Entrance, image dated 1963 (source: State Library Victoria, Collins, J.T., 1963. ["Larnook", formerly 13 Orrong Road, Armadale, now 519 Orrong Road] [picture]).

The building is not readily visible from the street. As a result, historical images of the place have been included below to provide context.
* * *
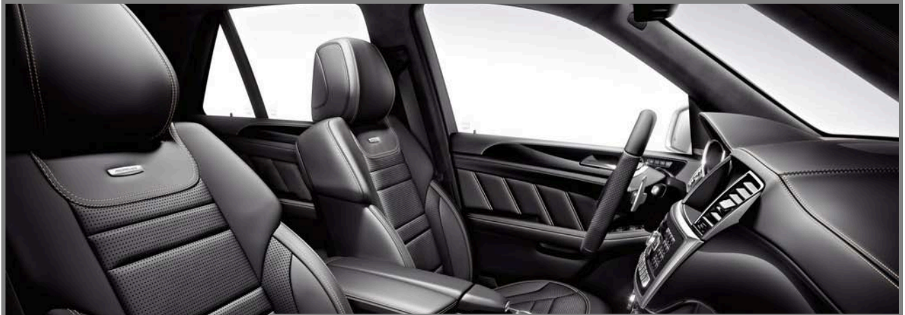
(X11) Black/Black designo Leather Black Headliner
* * *
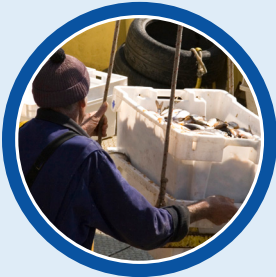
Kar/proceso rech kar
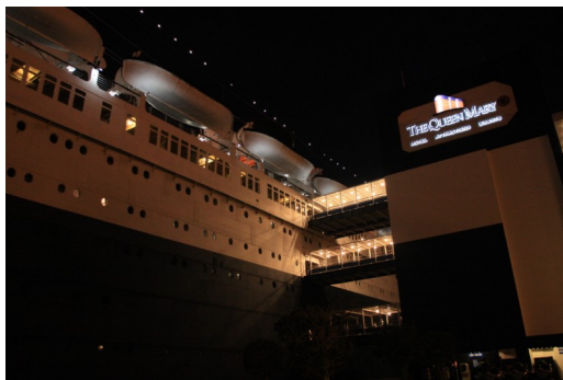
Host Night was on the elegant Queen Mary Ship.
* * *
» **Task statement**: Within the listing above, the stretch from the line with "Kar/proceso rech kar" down to the line with "Host Night was" is to be given again exactly, end lines included and pictures excluded.

» **Written answer**:
Kar/proceso rech kar
Host Night was on the elegant Queen Mary Ship.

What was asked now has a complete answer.